Uber réfute un quelconque traitement de faveur de l'entreprise auprès d'Emmanuel Macron ou de son cabinet, et ce, malgré la douzaine de communications documentée par Le Monde faisant état de SMS, réunions, e-mails et appels entre Macron ou ses collaborateurs et Uber, entre septembre 2014 et 2016.
S'en serait suivi un couac entre celui qui a aujourd'hui été réélu à la présidence de la France et le ministre de l'Intérieur de l'époque, Bernard Cazeneuve, qui dit n'avoir pas eu connaissance d'un quelconque accord entre le gouvernement français et Uber. Pourtant, la société annonçait dans la foulée la suspension du service UberPOP en France. En échange, l'entreprise aurait obtenu la garantie d'un assouplissement réglementaire qui lui serait favorable, faciliterait son implantation et consoliderait ensuite sa position dans le pays.
L'intense lobbying d'Uber, qui répond à l'ICIJ et ne cherche pas d'excuses
Le lobbying, donc, constitue un peu le bras armé d'Uber, qui a bâti un mastodonte d'influence dont le budget était, en 2016, de 90 millions de dollars. « L'entreprise a emprunté des stratégies qu'elle avait perfectionnées aux États-Unis », explique l'ICIJ. Par exemple, pour s'installer dans une ville, Uber avait besoin de force politique, et quoi de mieux que de recruter d'anciens responsables gouvernementaux pour faire pression sur d'anciens collègues ? L'enquête va encore plus loin, évoquant même la proximité avec certains universitaires, payés pour produire des recherches favorables à l'entreprise, ou la sollicitation de clients pour signer des pétitions.

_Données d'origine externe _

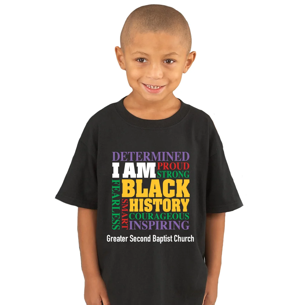 I Am Black History Youth T-Shirt - Silkscreened Personalization Available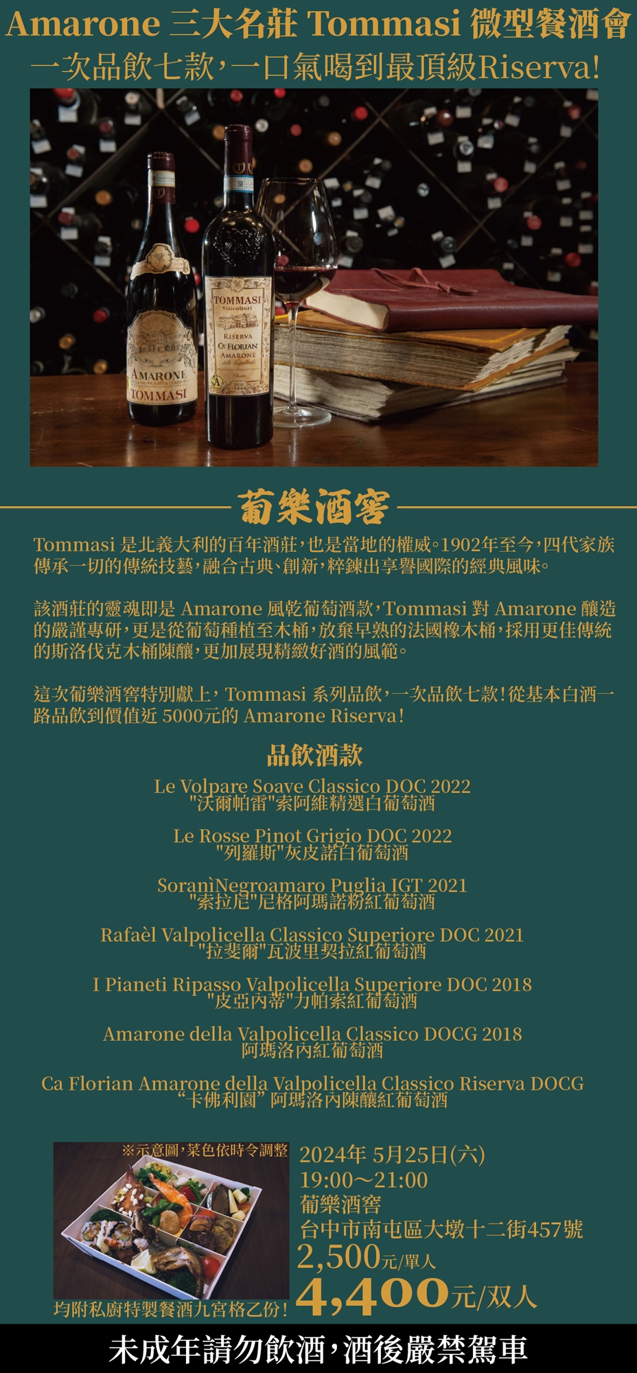 1902年就開始深耕至今,北義無人能出其右的百年家族「Tommasi」,這次來葡樂舉辦餐酒會啦!這次誠意滿滿,一次品飲七款酒款,並且喝到這家最經典兩款 Amarone ,連同頂規 Riserva 一起開給你喝!!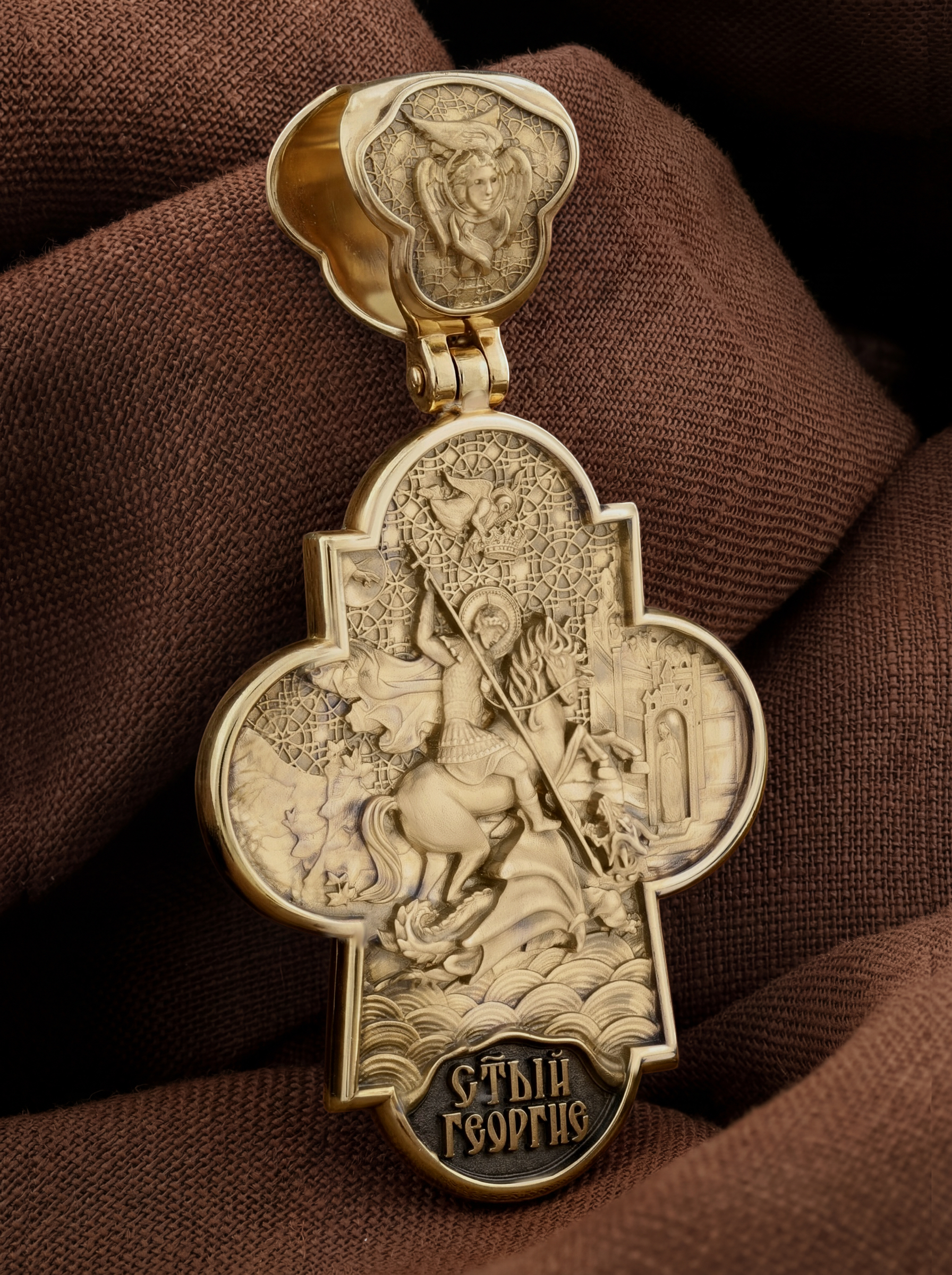 На оборотной стороне креста помещено изображение Святого Великомученика Георгия Победоносца — одного из самых почитаемых и удивительных святых. Георгий родился в Каппадокии (Малая Азия) в семье богатых и знатных горожан. Юношей поступил на службу к римскому императору Диоклетиану, за отличное знание военного дела и проявленную в боях и походах храбрость был приближен к императору и удостоен высокого воинского звания. Во время начавшихся гонений на христиан, перешел на сторону гонимых и, отвергнув человеческий страх, стал ярым проповедником учения Христа. Мучители подвергли опального воеводу жесточайшим восьмидневным пыткам и казнили его (обезглавили) в возрасте около тридцати лет в 303 году. Георгий изображен как воитель, сидящий на вздыбленном коне и поражающий копьем огнедышащего змея. Слева над образом изображена благословляющая Божия десница. Над святым изображен ангел возлагающий на него венец мученика. Змей символизирует собою сатанинские силы. Молитвами вознесенными к Всевышнему и своей непреклонной верой он смог одолеть чудовище. Святой убил змея, спас царскую дочь, принесенную в жертву, и жителей города, их души от влияния дьявола, породив в них надежду и веру в Господа, призывая людей принять христианскую веру. На кулонном кольце изображен шестикрылый Ангел — Серафим.

L'entreprise a aussi fait appel à des investisseurs dits stratégiques, pour les encourager à mettre un peu d'argent dans l'application et ainsi influencer l'arsenal législatif dans divers pays, pour justement surmonter les obstacles réglementaires. Xavier Niel a investi 10 millions de dollars dans Uber, Bernard Arnault 5 millions. « Nous n'avons pas besoin de leur argent en soi, mais nous pourrions être des alliés utiles pour gagner la France », écrivait par exemple le lobbyiste en chef d'Uber Mark MacGann au sujet d'Arnault. Et la liste des lobbyistes est impressionnante, certains s'étant même vu offrir des parts dans l'entreprise, ou des honoraires de réussite après des résultats favorables. En parallèle, les mercenaires offraient divers avantages (réductions sur des trajets Uber, contributions à la campagne, etc.) à des représentants de gouvernements.
Dans un billet de blog, la porte-parole d'Uber Jill Hazelbaker range ces nombreux éléments accablants dans le livre des histoires anciennes. « C'est la raison pour laquelle Uber a engagé un nouveau P.-D.G., Dara Khosrowshahi, qui a été chargé de transformer chaque aspect du fonctionnement d'Uber », explique-t-elle, en rappelant qu'il y a eu un avant et un après, « 90 % des employés actuels d'Uber ayant rejoint l'entreprise après l'arrivée de Dara ».
« Nous n'avons pas justifié et ne cherchons pas d'excuses pour des comportements qui ne sont pas conformes à nos valeurs actuelles en tant qu'entreprise », ajoute la porte-parole, qui demande au public de juger Uber sur ce qui a été plutôt fait ces cinq dernières années. Aujourd'hui, les activités d'Uber sont réglementées dans plus de 10 000 villes du globe.